除了最基本的 dict objects，Python’s standard library 還提供更進階的 dict ，這些都是基於內建的 dictionary class 加上一些方便的特色而來

> A hashable object has a hash value which never changes during
its lifetime (see \_\_hash\_\_), and it can be compared to other objects
(see \_\_eq\_\_).


In [1]:
phonebook = {
  'bob': 7387,
  'alice': 3719,
  'jack': 7052,
}
squares = {x: x * x for x in range(6)}

print(phonebook['alice'])
print(squares)

3719
{0: 0, 1: 1, 2: 4, 3: 9, 4: 16, 5: 25}


## collections.OrderedDict – Remember the Insertion Order of Keys
能記住元素新增順序的 dictionary

In [2]:
import collections
d = collections.OrderedDict(one=1, two=2, three=3)
d

OrderedDict([('one', 1), ('two', 2), ('three', 3)])

In [3]:
d['four'] = 4
d

OrderedDict([('one', 1), ('two', 2), ('three', 3), ('four', 4)])

In [4]:
d.keys()

odict_keys(['one', 'two', 'three', 'four'])

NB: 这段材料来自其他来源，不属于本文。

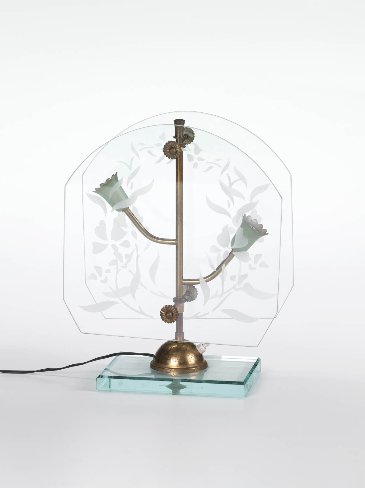 Pietro Chiesa (1892 – 1948) Lampada da tavolo;Con base in cristallo verde...
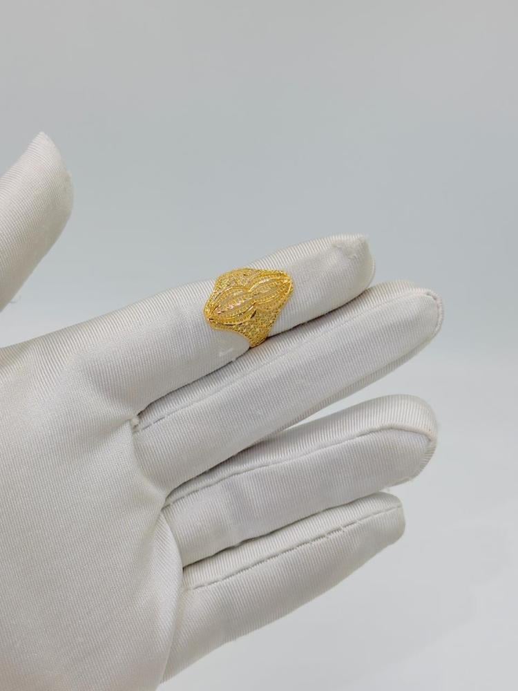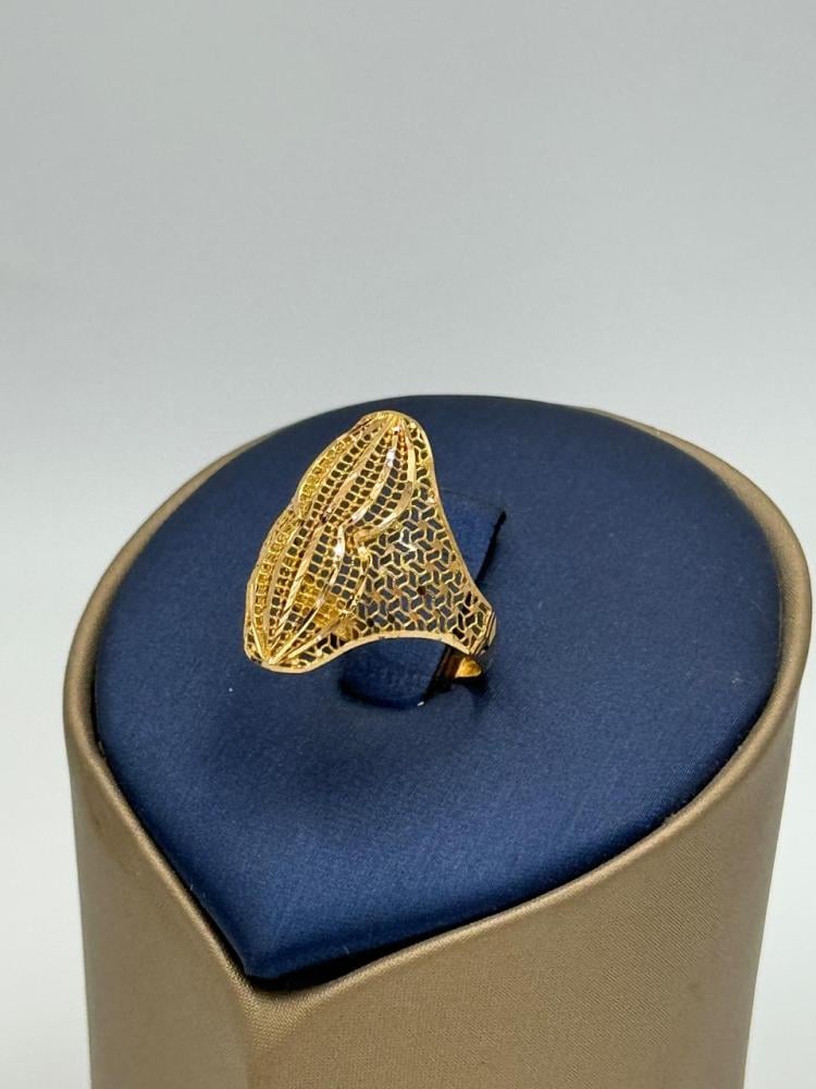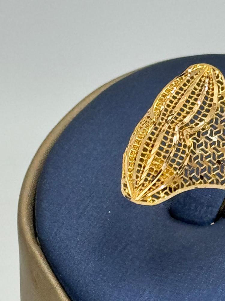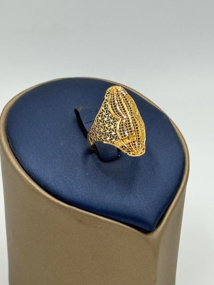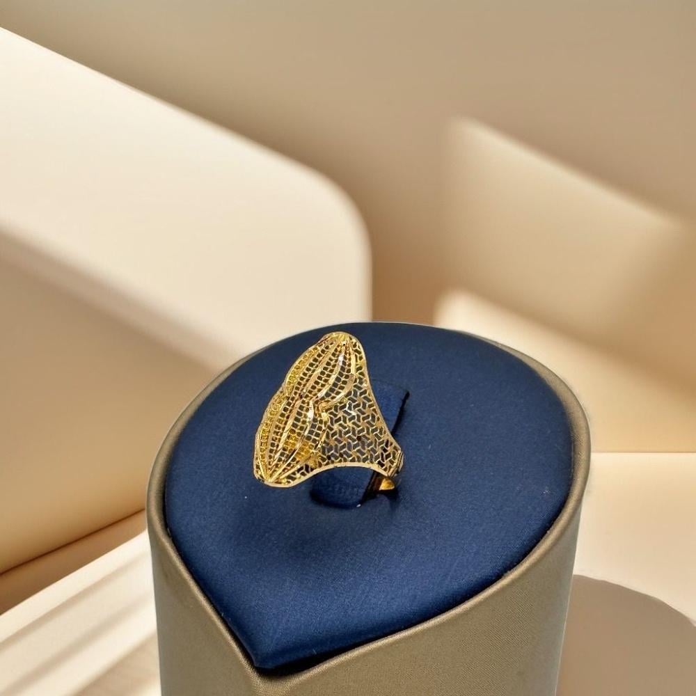 Shine with this luxurious 21K gold ring, featuring a unique design of elegant swirls and intricate engravings that add a touch of sophistication and style to your look. The ring is adjustable to ensure the perfect fit.

## collections.defaultdict – Return Default Values for Missing Keys
如果 key 值不存在則回傳預設值，這可以讓我們省去 key 檢查或是抓 KeyError exception 

In [5]:
from collections import defaultdict
dd = defaultdict(list)
# dd = defaultdict(int)

In [6]:
# Accessing a missing key creates it and
# initializes it using the default factory,
# i.e. list() in this example:
dd['dogs'].append('Rufus')
dd['dogs'].append('Kathrin')
dd['dogs'].append('Mr Sniffles')

dd['dogs']

['Rufus', 'Kathrin', 'Mr Sniffles']

## collections.ChainMap – Search Multiple Dictionaries as a Single Mapping

ChainMap 將多個 dict 整合為一個 dict，從左到右依序搜索

In [7]:
from collections import ChainMap

dict1 = {'one': 1, 'two':2}
dict2 = {'three': 3, 'four': 4}
chain = ChainMap(dict1, dict2)

chain

ChainMap({'one': 1, 'two': 2}, {'three': 3, 'four': 4})

In [8]:
# ChainMap searches each collection in the chain
# from left to right until it finds the key (or fails):

chain['three']

3

## types.MappingProxyType – A Wrapper for Making Read-Only Dictionaries

MappingProxyType 是一種 wrapper，能將一般的 dict 包裝成 Read-only 形式  
這適用於不想被更改內容，又不想完整複製出另一個 dict 的情況

In [9]:
from types import MappingProxyType

writable = {'one': 1, 'two': 2}
read_only = MappingProxyType(writable)

In [10]:
print(read_only['one'])

# TypeError: 'mappingproxy' object does not support item assignment
# read_only['one'] = 10

1


# Dictionaries in Python: Conclusion
除非有**特殊需求**，還是建議用最基本的dict，因為他們都有被效能最佳化

**Key Takeaways**
+ Dictionaries are the central data structure in Python.
+ The built-in dict type will be “good enough” most of the time.
+ Specialized implementations, like read-only or ordered dicts,
are available in the Python standard library.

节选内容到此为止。